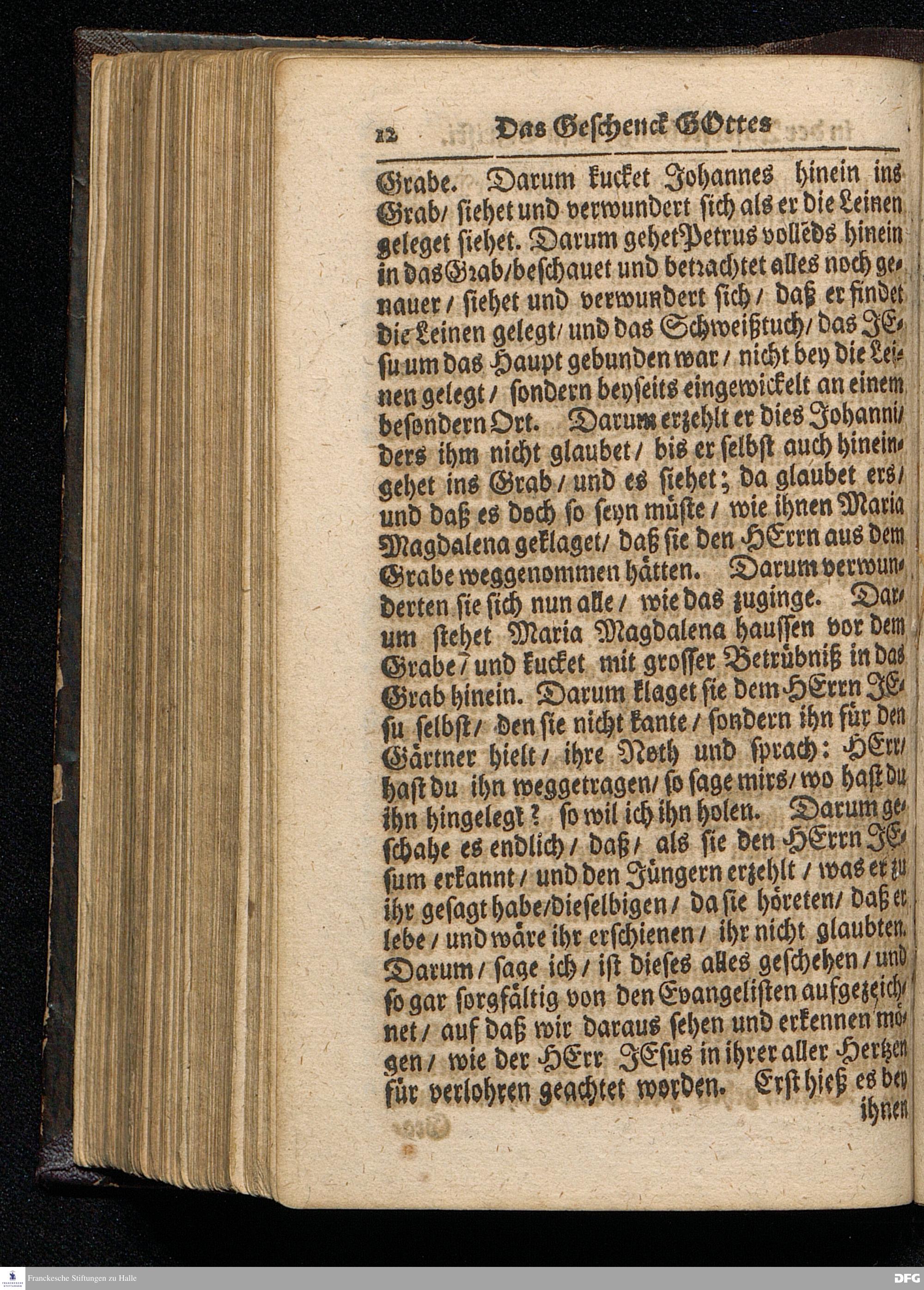 Das Geschenck GOttes In der Auferstehung JESU CHristi / Aus dem Anfang der Historie der Auferstehung JEsu CHristi Nach allen 4.Evangelisten Am Isten Oster=Feyertage In der St.Ulrichs=Kirchen in Halle angewiesen von August Hermann Francken / S.Theol.Prof.& Past.zu S.Ulrich / und des Gymnasii Scholarcha. HALLE / Gedruckt und zu finden im Wäysen=Hause 1716.
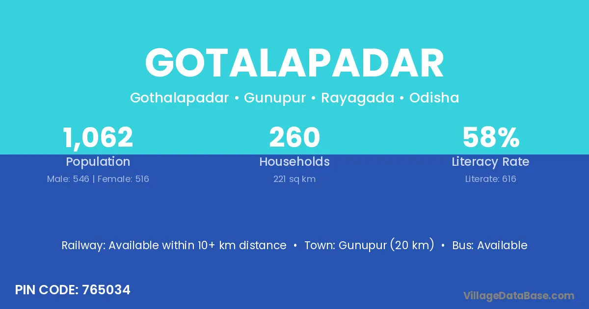 Gunupur (20 km) is the nearest town to Gotalapadar village for major economic activities and is located approximately 20 km away.
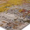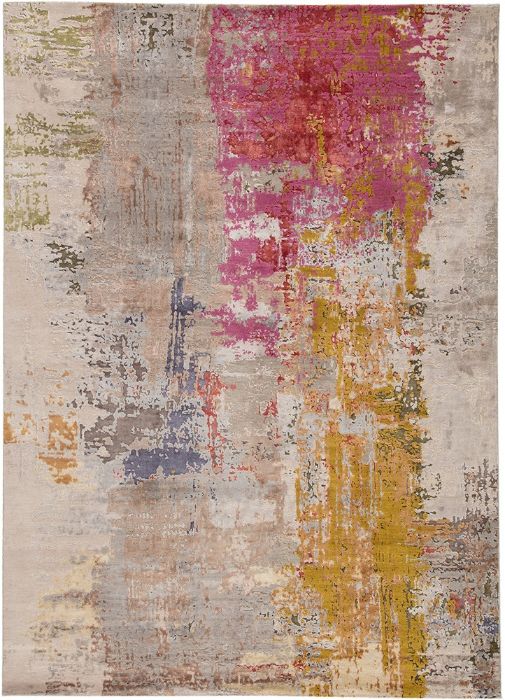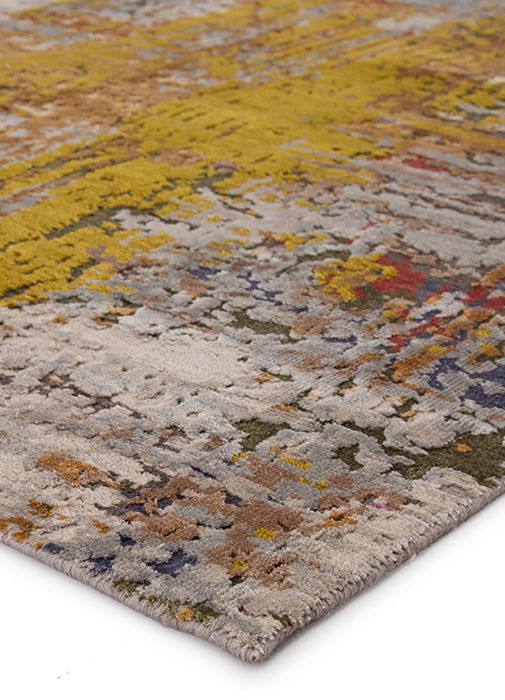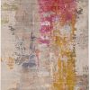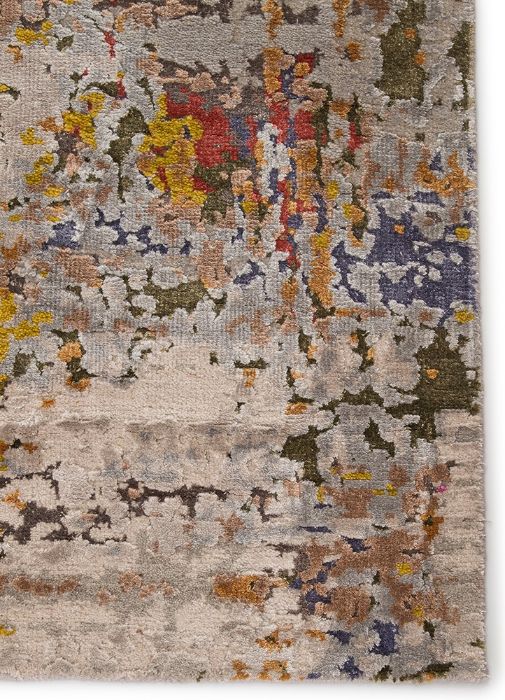Made of hand-carded wool and lustrous rayon made from bamboo, each tightly knotted piece employs 180 artisans in rural India. The hand-knotted rug showcases a modern abstract design in bold multicolor hues on a tonal gray backdrop.
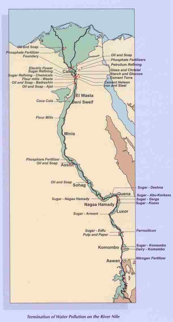 وخلال عام 2000/2001 أعلنت وزارة البيئة المصرية بوجوب خلو مجرى النهر من كافة المخلفات الصناعية الناتجة عن صرف عدد 34 شركة صناعية كبرى بما يقدر بحوالى 100 مليون متر مكعب من السموم فى مجرى النهر . وتشكلت لجان من وزارة البيئة ووزارة الرى وشرطة المسحات المائية لمراقبة التهر ورصد المخالفات وضبطها .. والخريطةالمرفقة تبين مواقع معظم تلك المصانع على ضفتى النهر .
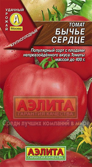 Популярный, высокоурожайный среднеспелый сорт, период отвсходов до созревания 115-120 дней. Предназначен для выращивания в открытом грунте и под пленочными укрытиями. Урожайность высокая, 8-12 кг/ м2. Растения детерминантные, сильнорослые, высотой до 170 см. Плоды очень крупные, массой 110-250 г, при первом сборе до 400 г, сердцевидной формы, мясистые, с тонкой кожицей. Вкус классический “помидорный” – сладкий, с чуть заметной кислинкой. Один из лучших сортов для употребления в свежем виде и приготовления соков.
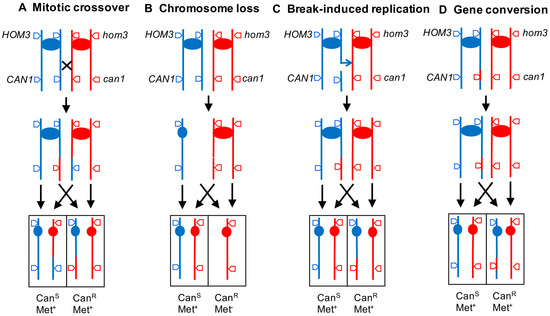 Although most long terminal loss of heterozygosity (LOH) events in wild-type cells are a consequence of mitotic crossovers, such events can also be produced by a non-reciprocal type of recombination called “break-induced replication” or BIR [22]. In this mechanism (Figure 1C), following a break on one homolog, one chromosome fragment is lost. The centromere-containing fragment invades the intact homolog and replicates the chromosome from the point of invasion to the telomere. The phenotype of the CanR product is identical to that obtained as the result of a crossover. However, if the daughter cell formed at the same time as the canavanine-resistant daughter can be analyzed, a distinction between a crossover and a BIR event can be made, since the daughter formed as a result of the crossover would be CAN1/CAN1, and that formed as the result of a BIR event would be can1/CAN1.
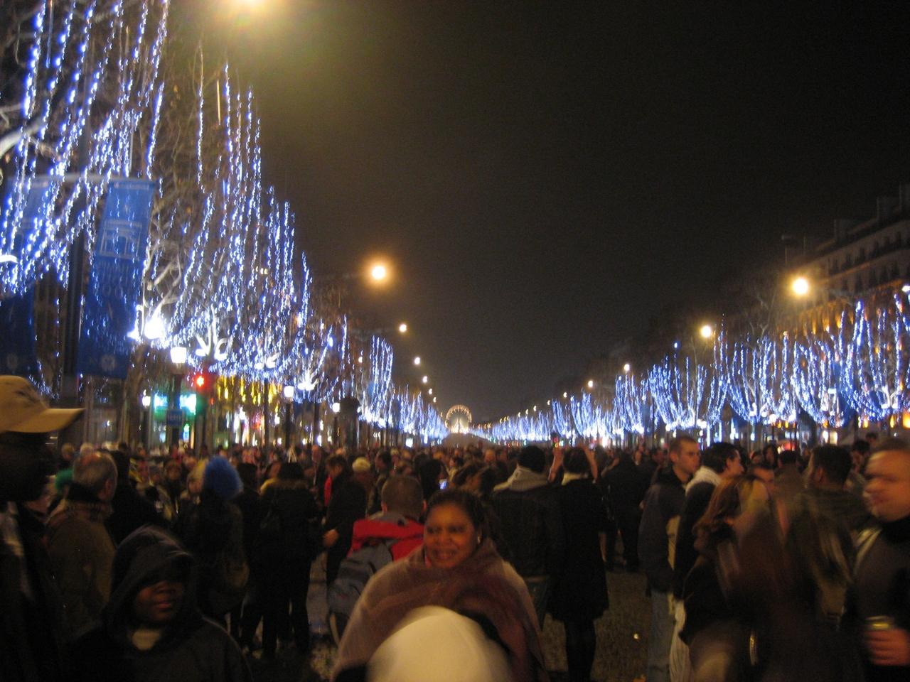年越しのカウントダウンのために、シャンゼリゼ通りには多くの人が集まってきました。皆陽気です。
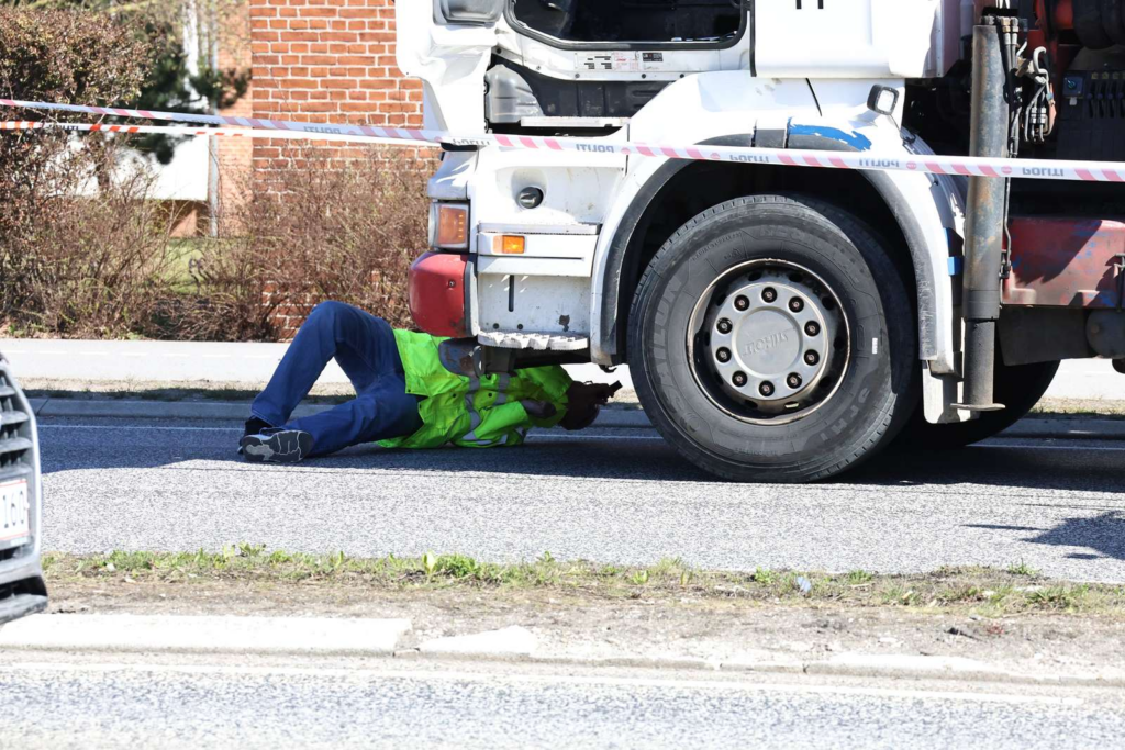 “Derudover ligger der et hvidt lagen over noget, som ligger under lastbilen – og der hænger også et hvidt lagen på siden af lastbilen. Der ligger samtidig en sko på vejen.”

TASK DESCRIPTION – Starting at the first line of the listing above, write out each line exactly and nothing else until you reach the line containing "وخلال عام 2000/2001", which is included as well; omit all pictures.

WRITTEN ANSWER –
 Das Geschenck GOttes In der Auferstehung JESU CHristi / Aus dem Anfang der Historie der Auferstehung JEsu CHristi Nach allen 4.Evangelisten Am Isten Oster=Feyertage In der St.Ulrichs=Kirchen in Halle angewiesen von August Hermann Francken / S.Theol.Prof.& Past.zu S.Ulrich / und des Gymnasii Scholarcha. HALLE / Gedruckt und zu finden im Wäysen=Hause 1716.
 Gunupur (20 km) is the nearest town to Gotalapadar village for major economic activities and is located approximately 20 km away.
Made of hand-carded wool and lustrous rayon made from bamboo, each tightly knotted piece employs 180 artisans in rural India. The hand-knotted rug showcases a modern abstract design in bold multicolor hues on a tonal gray backdrop.
 وخلال عام 2000/2001 أعلنت وزارة البيئة المصرية بوجوب خلو مجرى النهر من كافة المخلفات الصناعية الناتجة عن صرف عدد 34 شركة صناعية كبرى بما يقدر بحوالى 100 مليون متر مكعب من السموم فى مجرى النهر . وتشكلت لجان من وزارة البيئة ووزارة الرى وشرطة المسحات المائية لمراقبة التهر ورصد المخالفات وضبطها .. والخريطةالمرفقة تبين مواقع معظم تلك المصانع على ضفتى النهر .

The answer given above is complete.